*** Begin section ***
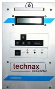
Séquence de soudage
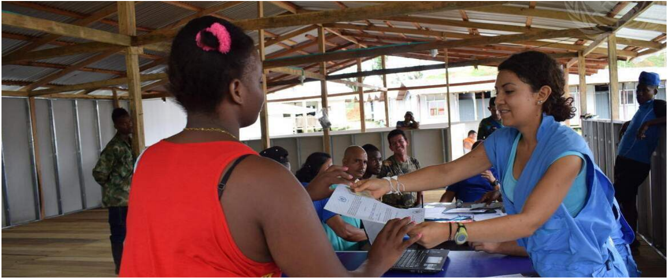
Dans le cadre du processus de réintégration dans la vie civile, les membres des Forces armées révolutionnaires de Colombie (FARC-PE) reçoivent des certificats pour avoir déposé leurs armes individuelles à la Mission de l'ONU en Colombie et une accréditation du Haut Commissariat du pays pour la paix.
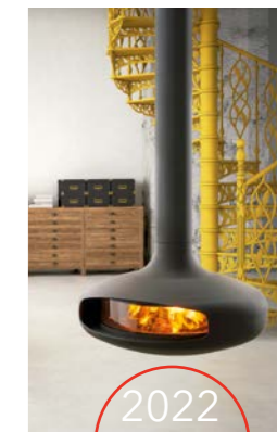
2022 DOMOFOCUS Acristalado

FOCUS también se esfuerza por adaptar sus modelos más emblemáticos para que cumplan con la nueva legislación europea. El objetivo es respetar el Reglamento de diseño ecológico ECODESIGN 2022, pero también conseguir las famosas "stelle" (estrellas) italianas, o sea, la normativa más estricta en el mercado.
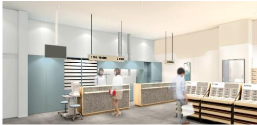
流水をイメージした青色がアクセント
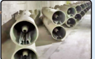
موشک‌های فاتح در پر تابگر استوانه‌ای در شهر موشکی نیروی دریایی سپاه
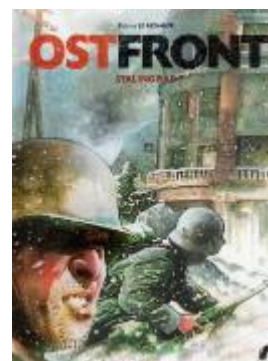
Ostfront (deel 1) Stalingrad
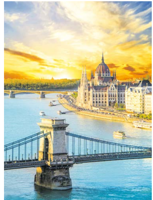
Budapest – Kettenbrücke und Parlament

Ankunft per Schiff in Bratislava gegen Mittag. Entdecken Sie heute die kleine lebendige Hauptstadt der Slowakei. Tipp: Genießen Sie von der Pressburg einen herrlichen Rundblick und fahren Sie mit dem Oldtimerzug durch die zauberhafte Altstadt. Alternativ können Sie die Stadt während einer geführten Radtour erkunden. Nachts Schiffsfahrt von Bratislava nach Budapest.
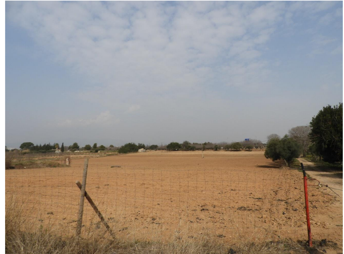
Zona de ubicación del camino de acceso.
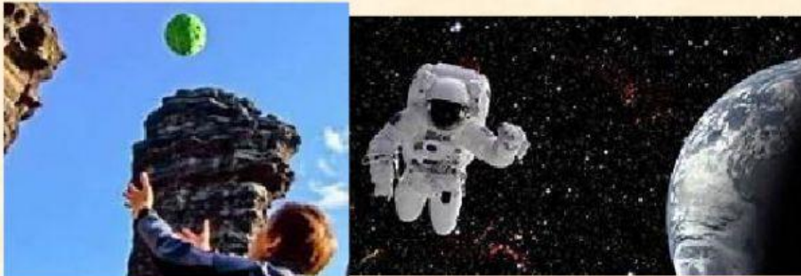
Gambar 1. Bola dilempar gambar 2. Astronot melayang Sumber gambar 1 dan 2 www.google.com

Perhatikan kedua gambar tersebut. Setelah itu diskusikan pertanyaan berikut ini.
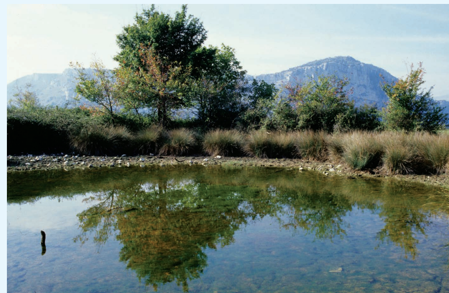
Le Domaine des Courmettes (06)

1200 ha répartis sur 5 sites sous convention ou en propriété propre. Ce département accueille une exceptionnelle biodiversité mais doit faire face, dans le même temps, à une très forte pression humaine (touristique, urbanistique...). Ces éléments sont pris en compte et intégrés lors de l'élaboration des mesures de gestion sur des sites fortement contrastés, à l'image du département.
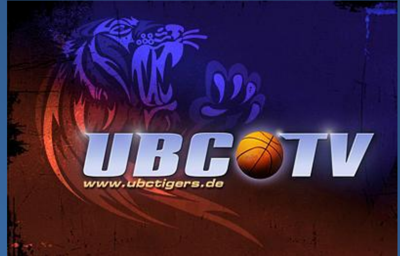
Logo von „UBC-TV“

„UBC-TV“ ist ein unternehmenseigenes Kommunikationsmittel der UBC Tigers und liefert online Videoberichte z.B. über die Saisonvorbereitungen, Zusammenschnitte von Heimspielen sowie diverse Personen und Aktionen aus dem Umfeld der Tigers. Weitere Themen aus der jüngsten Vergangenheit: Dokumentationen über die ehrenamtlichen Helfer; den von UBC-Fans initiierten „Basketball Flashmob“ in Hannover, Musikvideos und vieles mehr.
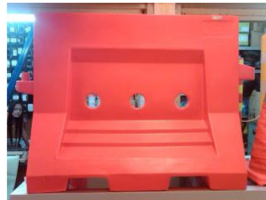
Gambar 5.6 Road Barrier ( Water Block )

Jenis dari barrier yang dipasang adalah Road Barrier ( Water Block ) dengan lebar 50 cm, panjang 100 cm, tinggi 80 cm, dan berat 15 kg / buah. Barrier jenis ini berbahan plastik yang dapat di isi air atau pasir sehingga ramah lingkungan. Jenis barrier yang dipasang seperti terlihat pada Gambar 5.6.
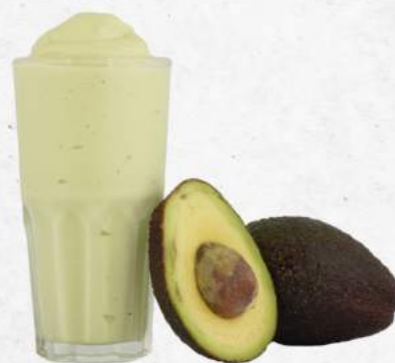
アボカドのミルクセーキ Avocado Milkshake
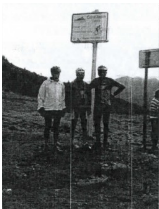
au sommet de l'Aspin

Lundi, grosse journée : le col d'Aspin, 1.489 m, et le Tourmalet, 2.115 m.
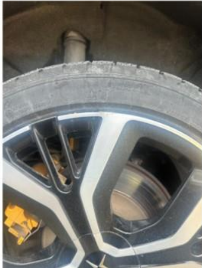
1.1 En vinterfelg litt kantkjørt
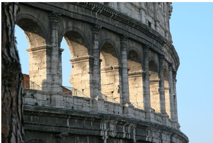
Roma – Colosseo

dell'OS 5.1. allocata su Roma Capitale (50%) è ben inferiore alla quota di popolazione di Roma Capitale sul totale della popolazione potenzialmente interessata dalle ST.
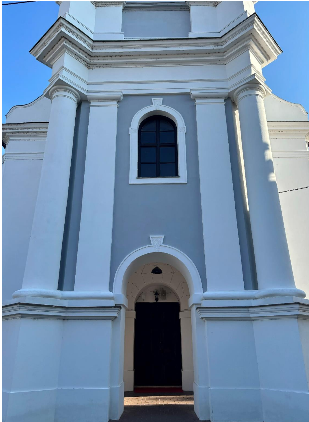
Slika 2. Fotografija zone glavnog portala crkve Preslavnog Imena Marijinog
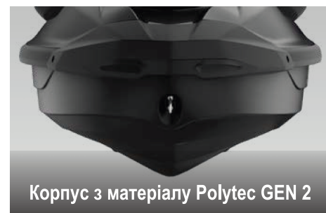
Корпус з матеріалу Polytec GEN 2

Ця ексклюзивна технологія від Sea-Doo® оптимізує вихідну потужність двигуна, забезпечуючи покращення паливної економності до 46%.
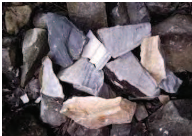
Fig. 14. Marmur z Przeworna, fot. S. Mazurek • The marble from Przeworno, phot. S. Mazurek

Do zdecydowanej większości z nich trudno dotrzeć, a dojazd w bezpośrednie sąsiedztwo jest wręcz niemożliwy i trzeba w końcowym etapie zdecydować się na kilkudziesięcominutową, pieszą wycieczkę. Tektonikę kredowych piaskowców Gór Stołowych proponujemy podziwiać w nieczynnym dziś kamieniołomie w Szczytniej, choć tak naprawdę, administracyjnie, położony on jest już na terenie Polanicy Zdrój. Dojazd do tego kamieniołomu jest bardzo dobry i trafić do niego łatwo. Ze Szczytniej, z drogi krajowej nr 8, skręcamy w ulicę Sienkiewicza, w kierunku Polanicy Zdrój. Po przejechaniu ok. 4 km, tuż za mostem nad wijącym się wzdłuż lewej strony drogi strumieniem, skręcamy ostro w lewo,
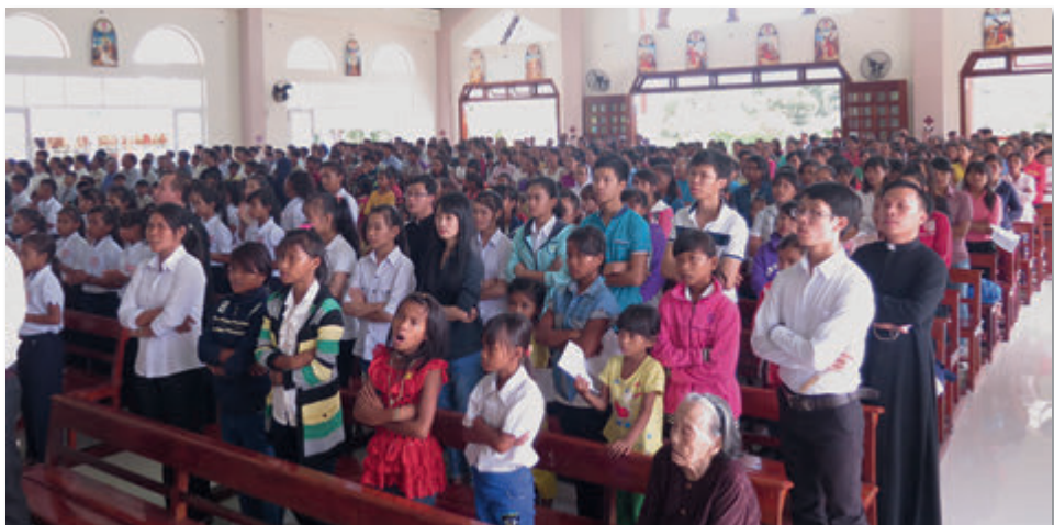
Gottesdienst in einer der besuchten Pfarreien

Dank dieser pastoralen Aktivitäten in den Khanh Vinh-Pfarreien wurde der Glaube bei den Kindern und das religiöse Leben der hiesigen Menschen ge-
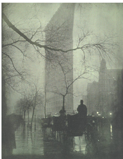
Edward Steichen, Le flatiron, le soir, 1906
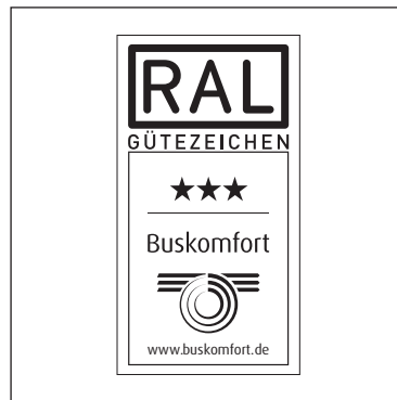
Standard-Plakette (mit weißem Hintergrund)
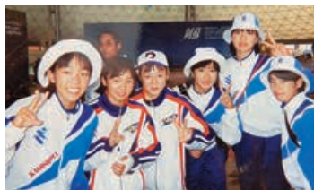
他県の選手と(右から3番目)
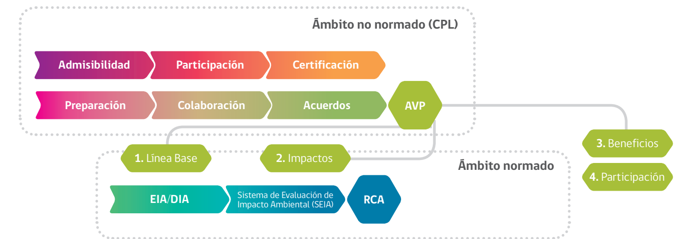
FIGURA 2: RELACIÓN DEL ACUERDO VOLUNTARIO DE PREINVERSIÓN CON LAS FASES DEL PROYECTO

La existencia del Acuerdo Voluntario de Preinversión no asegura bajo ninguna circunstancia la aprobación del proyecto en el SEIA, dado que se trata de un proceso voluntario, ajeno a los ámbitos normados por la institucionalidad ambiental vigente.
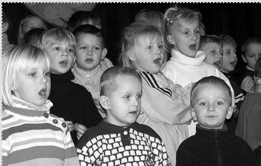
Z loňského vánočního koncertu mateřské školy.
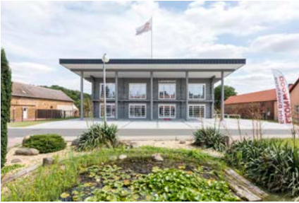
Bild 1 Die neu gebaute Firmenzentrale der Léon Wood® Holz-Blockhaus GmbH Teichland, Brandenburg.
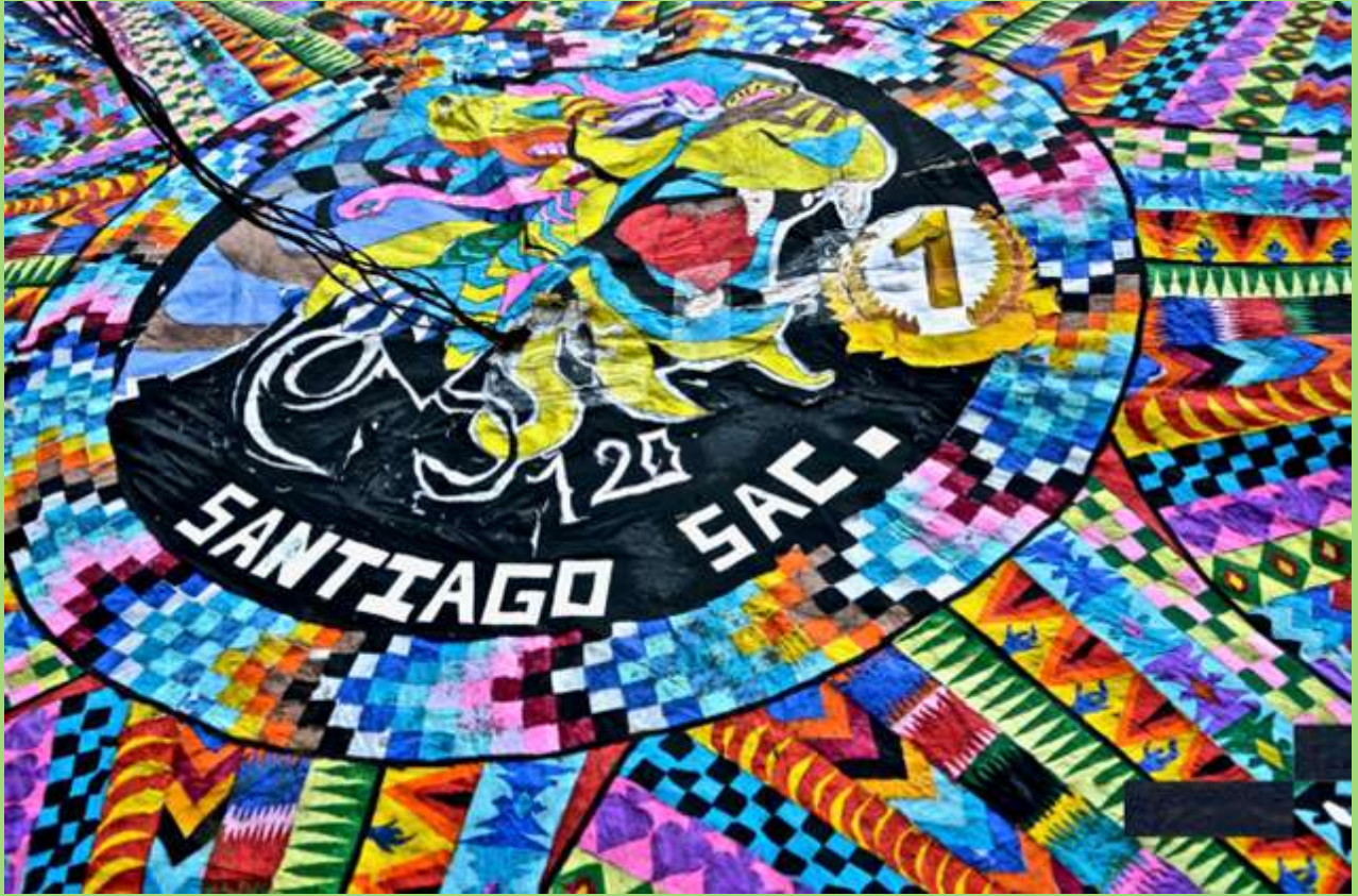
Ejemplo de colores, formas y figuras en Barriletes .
*** End section ***
In the entries above, find the line containing "Ostfront (deel 1) Stalingrad" and the line containing "Zona de ubicación del camino de acceso.", then copy both and every line between them exactly, without any picture.

Result of the task =
Ostfront (deel 1) Stalingrad
Budapest – Kettenbrücke und Parlament

Ankunft per Schiff in Bratislava gegen Mittag. Entdecken Sie heute die kleine lebendige Hauptstadt der Slowakei. Tipp: Genießen Sie von der Pressburg einen herrlichen Rundblick und fahren Sie mit dem Oldtimerzug durch die zauberhafte Altstadt. Alternativ können Sie die Stadt während einer geführten Radtour erkunden. Nachts Schiffsfahrt von Bratislava nach Budapest.
Zona de ubicación del camino de acceso.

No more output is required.